3. Pebbles. Tiny. Takes as much time to get as a larger job, low margin, demanding, slow pay

Aim your marketing at your “rocks.” If other good ones fall into your lap, take them.

• What works for you? Do more of what works, and stop doing the rest. To find out: List everything you already do (or might do) for marketing. For each one, estimate

…How much time you spend on it (per month, say)

…How much money you spend on it, per month

…What results you’ve produced so far: number of customers, size of jobs, type of work, desirability of prospects, etc.

…Lead time, sales cycle. How long does it take to pay off?

Ideally, you’d like to compare this ratio for each:

         Gross profit from the sales produced, divided by . . .

         Marketing/selling cost (including time)

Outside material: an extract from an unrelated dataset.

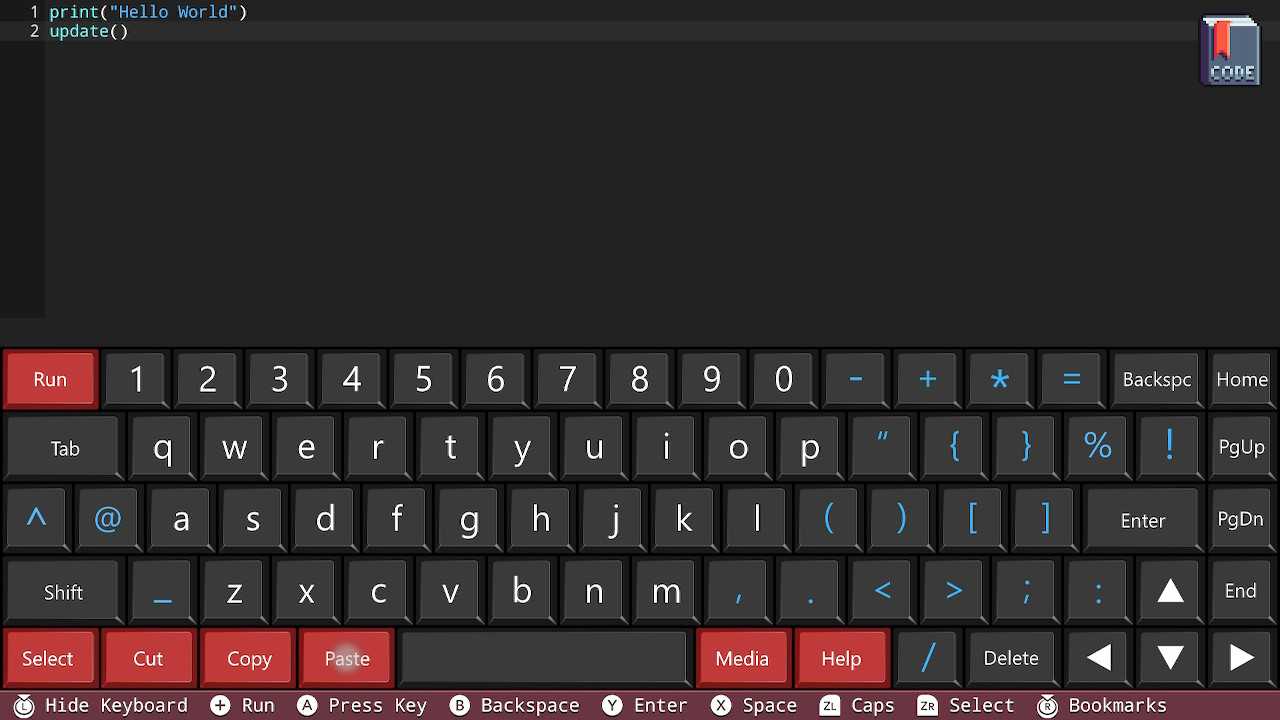 There's no mouse support sadly, but the more I used the editor, the less I found myself reaching for the unplugged mouse on my desk. JoyCon and bluetooth 3rd-party controllers are supported, providing using build/run/cancel operations from the press of a (physical) button, and the controller buttons also prompt other handy functions such as showing/hiding the keyboard and documentation.

When I do this for myself (I sell small business services) here’s what I learn:

…DOESN’T PAY OFF. Networking groups (wrong kind of prospects), display ads, yellow pages, PR campaigns, direct mailings or cold call campaigns

…PAYS OFF. Referrals from clients (remember to ask for them!), mutual referral sources, public speaking, writing books, writing articles (like this one), getting interviewed, professional organizations

…SHOULD PAY OFF BETTER. Website (search engine optimization)

Your list may be exactly the opposite of this.

• Get your face out there. Esp. for service businesses, people buy you. “80% of selling is just showing up!”

• Stick to it. The other 80% of selling is consistency and follow up. Have a regimen for marketing and selling, and get a coach to help you stay on it. Your coach is your de facto sales manager.

• Get needed help. Are you a great marketer/seller? Then hire someone to do the work for you. Are you best at doing the work? Then hire a marketer AND a sales person. (Rarely are these two skills combined in one head.)

Should you hire a consultant? For a shoestringer, be wary! Remember the yacht!

…Hire specific expertise: web designer, graphic designer, copywriter.

…Hiring someone to do a marketing plan for you is a waste of money. Find a FREE marketing advisor, e.g., through SCORE or your local Small Business Development Center. I could email you a page of questions, and if you answer them, you have a marketing plan.

…Hire someone to sell for you, and pay them mainly on results ($$$$) produced. Good sales people are rare and expensive. Ask one: “I’d like to pay you obscene amounts of money. How much is that for you? Now give me a plan of how you’re going to produce it.”